→ Your instructions
In the entries below, find the line containing "Из-за аварии на Первомайском" and the line containing "İsmet Tokdemir. Pazartesi". Copy those two lines and everything between them exactly, without the pictures.

BEGIN Source data

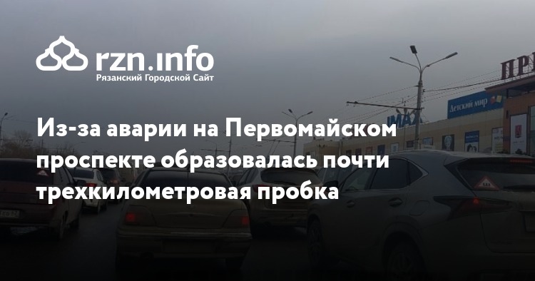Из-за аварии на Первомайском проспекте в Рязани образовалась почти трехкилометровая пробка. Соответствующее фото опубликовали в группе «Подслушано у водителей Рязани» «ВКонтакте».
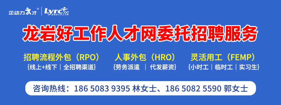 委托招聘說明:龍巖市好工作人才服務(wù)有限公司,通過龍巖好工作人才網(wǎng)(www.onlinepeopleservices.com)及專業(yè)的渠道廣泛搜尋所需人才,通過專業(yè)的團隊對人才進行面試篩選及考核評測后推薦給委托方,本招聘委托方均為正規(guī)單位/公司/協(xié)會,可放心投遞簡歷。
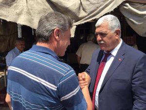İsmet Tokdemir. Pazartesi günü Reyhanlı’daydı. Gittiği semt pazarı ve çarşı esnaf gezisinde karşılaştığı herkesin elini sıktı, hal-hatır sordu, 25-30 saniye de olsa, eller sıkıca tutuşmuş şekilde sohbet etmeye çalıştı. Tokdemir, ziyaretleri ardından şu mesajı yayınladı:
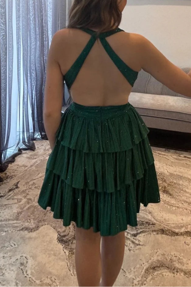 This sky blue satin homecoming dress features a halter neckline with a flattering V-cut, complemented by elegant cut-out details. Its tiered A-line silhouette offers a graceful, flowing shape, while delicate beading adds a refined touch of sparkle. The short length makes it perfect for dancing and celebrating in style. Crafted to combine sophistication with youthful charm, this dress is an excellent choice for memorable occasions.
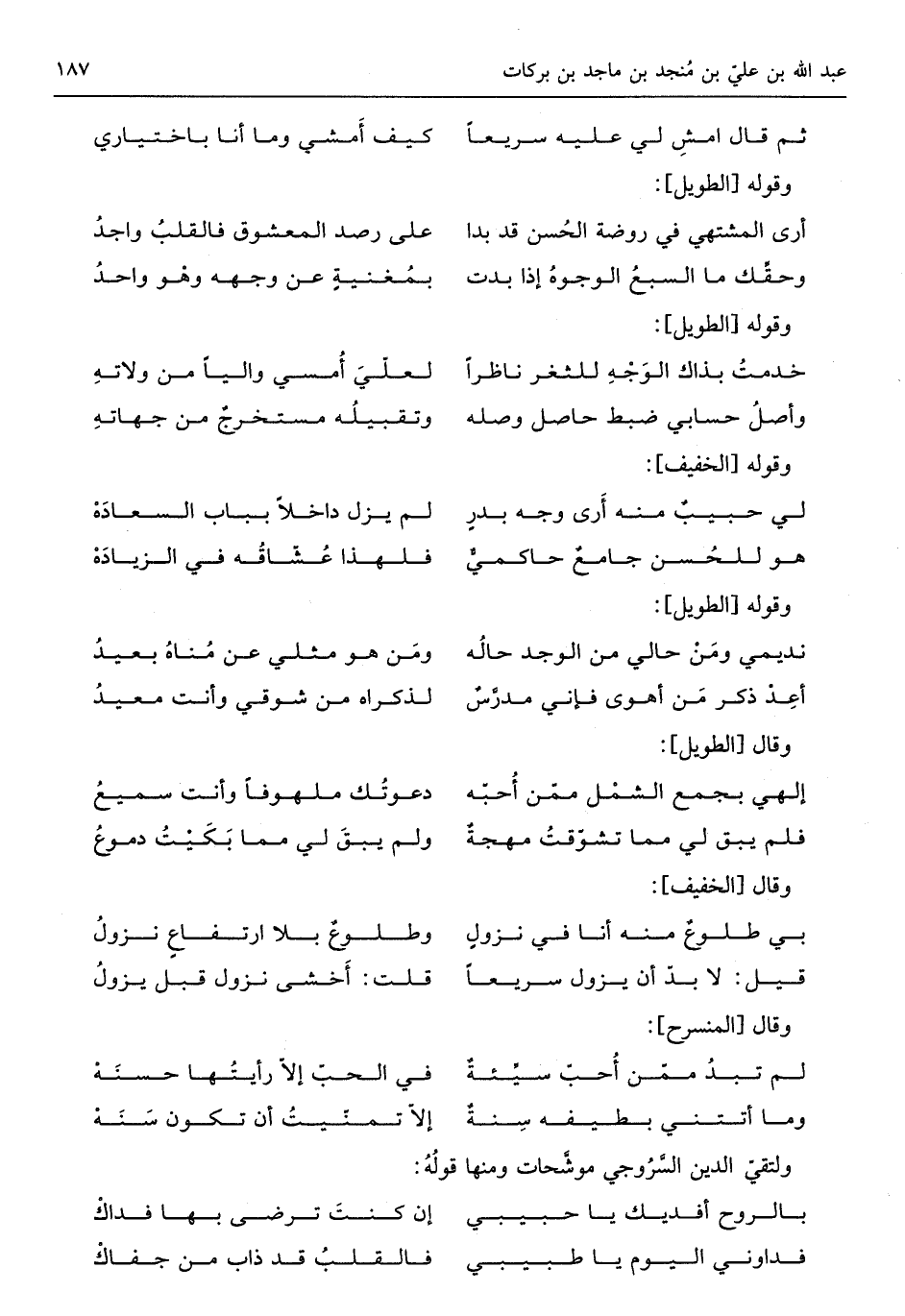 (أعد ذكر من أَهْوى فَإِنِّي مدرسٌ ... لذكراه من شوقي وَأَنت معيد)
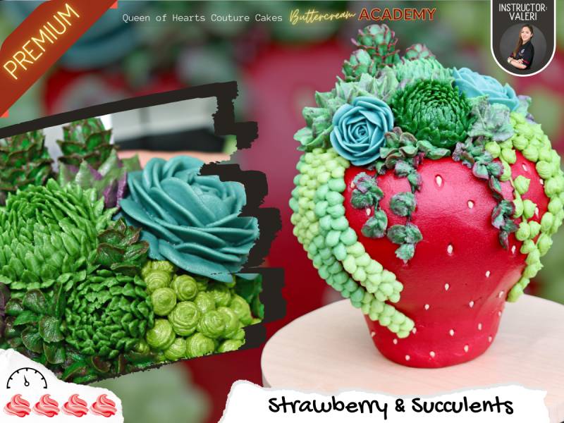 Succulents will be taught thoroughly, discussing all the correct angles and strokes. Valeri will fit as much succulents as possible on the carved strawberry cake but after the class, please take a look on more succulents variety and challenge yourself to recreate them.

END Source data
BEGIN Source data

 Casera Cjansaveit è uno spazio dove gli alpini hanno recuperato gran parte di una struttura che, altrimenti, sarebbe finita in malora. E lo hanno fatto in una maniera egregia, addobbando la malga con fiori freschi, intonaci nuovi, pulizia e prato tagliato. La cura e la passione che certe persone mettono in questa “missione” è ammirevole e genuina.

END Source data

→ Your response
Из-за аварии на Первомайском проспекте в Рязани образовалась почти трехкилометровая пробка. Соответствующее фото опубликовали в группе «Подслушано у водителей Рязани» «ВКонтакте».
 委托招聘說明:龍巖市好工作人才服務(wù)有限公司,通過龍巖好工作人才網(wǎng)(www.onlinepeopleservices.com)及專業(yè)的渠道廣泛搜尋所需人才,通過專業(yè)的團隊對人才進行面試篩選及考核評測后推薦給委托方,本招聘委托方均為正規(guī)單位/公司/協(xié)會,可放心投遞簡歷。
İsmet Tokdemir. Pazartesi günü Reyhanlı’daydı. Gittiği semt pazarı ve çarşı esnaf gezisinde karşılaştığı herkesin elini sıktı, hal-hatır sordu, 25-30 saniye de olsa, eller sıkıca tutuşmuş şekilde sohbet etmeye çalıştı. Tokdemir, ziyaretleri ardından şu mesajı yayınladı:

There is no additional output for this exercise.